Final Point! So a million words ago, I started this with a point I wanted to make about Roger Stern’s run and I don’t think I could’ve made it without this overstuffed imitation of a sleek listicle.
In the podcast, when Graeme talks about Captain America being an aspirational figure in a way similar to Superman and how Marvel doesn’t seem to have that any more, I realized (while editing the podcast) what I enjoyed so much about Stern’s run: it was filled with aspirational figures. Jan Van Dyne under his run is refreshingly free of angst, as are most of the Avengers.

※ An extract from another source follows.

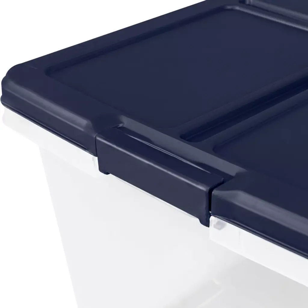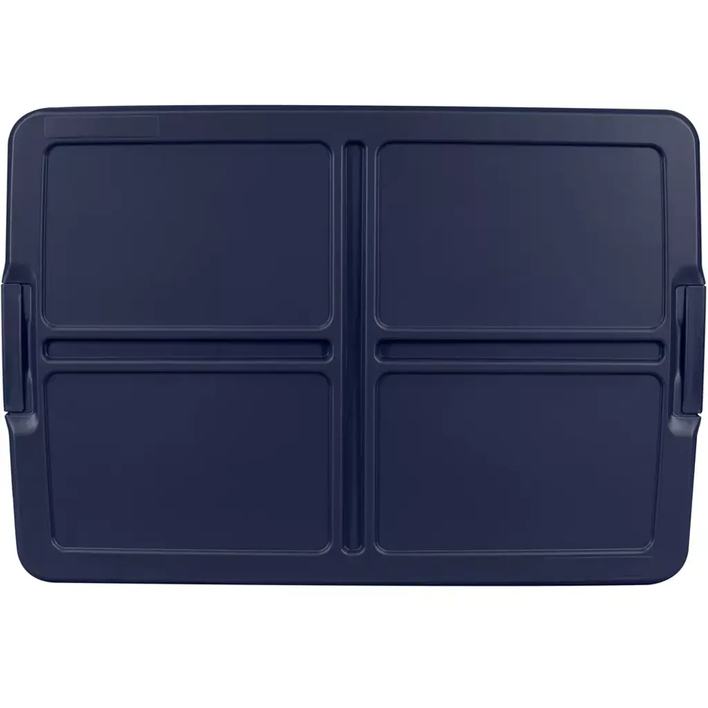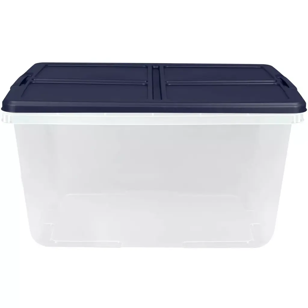 Available in multiple stackable configurations, 66-qt storage bins feature double-rimmed walls to prevent bowing and buckling, while latched handles keep the lids securely attached to the base. What's more, crossbars built into the plastic containers lids provide an extra level of strength and durability. Perfect for office, workshop, and garage storage solutions. This storage bin is ideal for anywhere you need to stack smart and save space. Interior Base Dimensions: 12.19"W x 18.75"L. Exterior Dimensions: 16.8"W x 23.98"L x 13.04"H.

She and Captain Marvel are both admirable figures, heroic without the maudlin undercurrent Marvel’s heroes had for so much of their existence.
This, combined with glacial subplots whose payoffs run the gambit from underwhelming to nonexistent, make me wonder to what extent Stern is actually a Silver Age DC fan in Marvel Zombie clothing. I haven’t read enough of his work to know, but at least in The Avengers, the subplots—The Black Knight pining for Jan, Captain Marvel talking about opening her own business, Jan worrying about Starfox’s abilities to manipulate his enemies—slow to the point they become tropes, not so far off from Barry Allen always showing up late, or Lois wondering if Superman and Clark Kent are the same person.
It sounds like damning praise—”hey, if you play an Avengers comic at thirty-three and a third instead of forty-five, it sounds just like The Justice League of America!”—but I actually admire how timeless it can feel when done right. When done right, those unfinished subplots don’t feel slapdash and frustrating. When done right, they don’t become the Brian Bendis trapeze act of storyline to storyline to storyline, the myth of Sisyphus turned into a one-way road and stripping Sisyphus of even the moment of reflection of walking back down hill to start over. When done right, they become questions you have about the characters, stories you never have to see played out, dreams you can continue to have long after the books are read and put away, once the new year’s begun.